Of course, it is impossible to simply project a common European Union denominator of principles onto East Asia. Rather, a doctrine of East Asian principles must localize the content of the EU. However, the EU’s concepts and insights have offered a systematic exposition of the most essential legal norms of a supranational organization’s legal order. Since the enactment of the ECHR, its values have channeled and rationalized political and social conflicts by stipulating controversial questions fundamentally and have limited arbitrary governmental decisions through transparency and coherence of the law. Its research, therefore, can lend primary methods to make an understanding of the whole legal system possible as an ‘organic whole’ and to develop a form of ‘community-building’ with East Asian identification.
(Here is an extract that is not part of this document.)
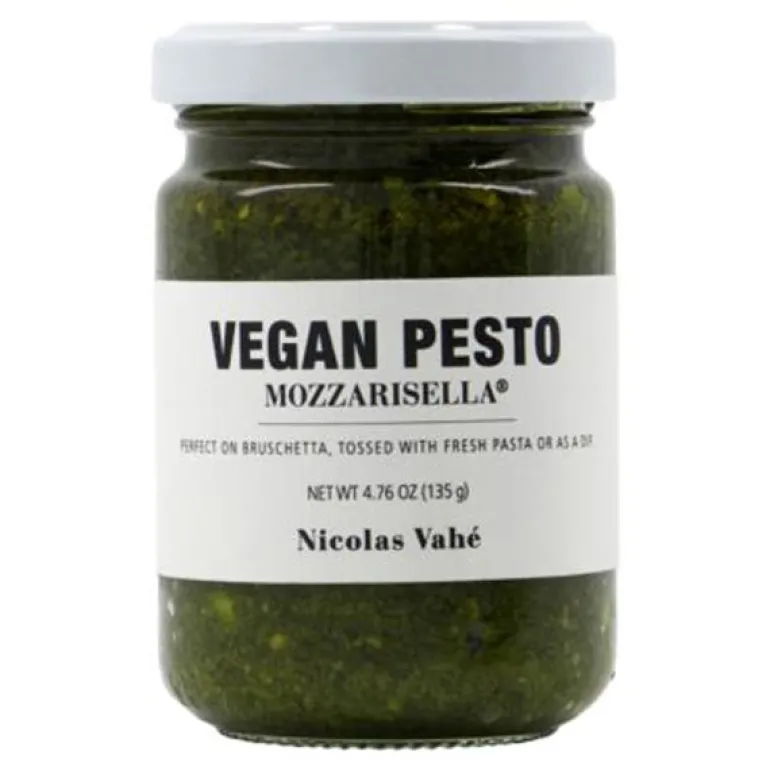 Nicolas Vahé sin veganske pesto med mozzarisella er et perfekt tilbehør til pasta og andre retter. Denne fyldige pestoen erstatter tradisjonell parmesan med en risbasert mozzarisella, som gir en deilig kremet konsistens. Blandingen av pinjekjerner, cashewnøtter og olivenolje tilfører en rik og nøtteaktig smak, som gjør den til et smakfullt vegansk alternativ. Nyt den på pasta, som et smørbart tilbehør eller i salater for en smakfull opplevelse.
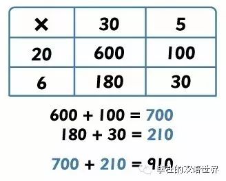 心一她们学的数学乘法,用表格的形式,把算数的每一过程分解,我闻所未闻,哑然失笑,却颇长见识。效率低,但重点在过程,培养数学思维。比如35乘以26,如下:

Focusing on the judicial sphere, this paper first analyzes the European doctrine of integration principles and second, highlights its applicability to East Asia, according to both aspects of East Asian integration theories between classic Eurocentric frameworks and models of new regionalism theory.
Francis M. Cao: Never Again: dystopian temporality as the normative condition of Transnational Asia
Asia is the only region in the world that does not have a human rights court or commission that cover the region as a whole. Previous literature has pointed out that transnational Asia has been shaped in the absence of an overarching principle, such as human rights regime, which governs its formation and constitution. However, the introduction of temporality into constitutional studies indicates otherwise. Against the background, “temporality turn“ emphasizes the processual feature that conditions the emergence of transnational ordering in which production regimes thrive. Looking at the temporal formation of transnational Asia, this paper addresses the normative aspect of temporal formation that formulates societal constitutionalism operating beyond state. In Asian context, dystopian temporality is represented by the symbols, discourses and procedures that references the narrative of modern Asian history that is preoccupied with warfare, turmoil and underdevelopment. By thematizing the temporality with „never again”, the representation offers a transnational account of Asia that isolates the drive for economic prosperity from those nationalist narratives that at times dominates political and cultural spheres. The paper argues that the dystopian temporality potentialize a normative framework for an integrated Asia by conditioning the making of transnational order.